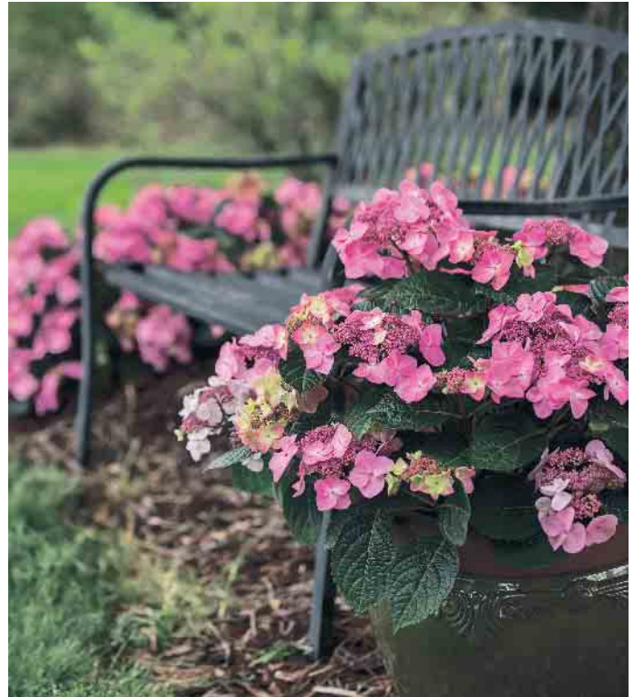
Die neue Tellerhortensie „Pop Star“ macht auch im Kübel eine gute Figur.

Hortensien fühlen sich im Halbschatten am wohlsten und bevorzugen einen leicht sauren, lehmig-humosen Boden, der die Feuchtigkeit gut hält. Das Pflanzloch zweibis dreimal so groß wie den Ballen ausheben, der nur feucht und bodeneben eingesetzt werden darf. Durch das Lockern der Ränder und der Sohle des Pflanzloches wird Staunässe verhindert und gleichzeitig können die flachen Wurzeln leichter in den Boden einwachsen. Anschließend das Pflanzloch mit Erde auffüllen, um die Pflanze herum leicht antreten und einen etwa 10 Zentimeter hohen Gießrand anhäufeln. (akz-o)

-------

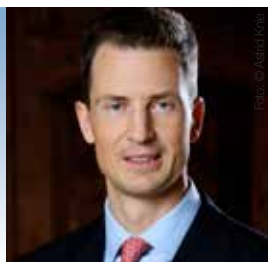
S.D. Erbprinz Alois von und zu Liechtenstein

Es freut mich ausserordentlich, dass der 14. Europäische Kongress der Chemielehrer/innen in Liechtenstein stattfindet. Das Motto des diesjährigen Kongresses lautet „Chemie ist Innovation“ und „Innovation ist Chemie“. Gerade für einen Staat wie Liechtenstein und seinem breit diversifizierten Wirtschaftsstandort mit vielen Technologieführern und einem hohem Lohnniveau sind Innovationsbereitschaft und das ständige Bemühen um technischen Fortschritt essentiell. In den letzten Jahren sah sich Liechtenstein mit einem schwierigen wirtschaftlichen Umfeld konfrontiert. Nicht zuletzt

-------

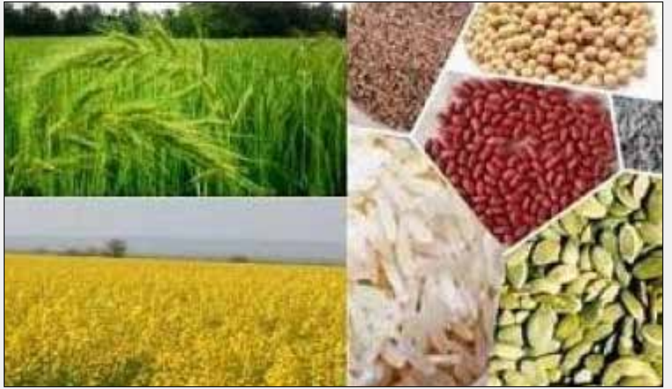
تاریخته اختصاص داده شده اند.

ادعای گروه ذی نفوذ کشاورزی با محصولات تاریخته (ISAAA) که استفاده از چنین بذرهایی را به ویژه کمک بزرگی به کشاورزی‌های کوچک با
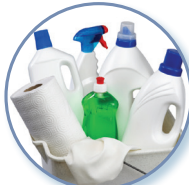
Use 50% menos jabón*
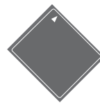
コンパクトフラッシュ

-------

Assigned task: All lines of the entries above where "تاریخته" turns up should be reported.

Expected answer:
تاریخته اختصاص داده شده اند.
ادعای گروه ذی نفوذ کشاورزی با محصولات تاریخته (ISAAA) که استفاده از چنین بذرهایی را به ویژه کمک بزرگی به کشاورزی‌های کوچک با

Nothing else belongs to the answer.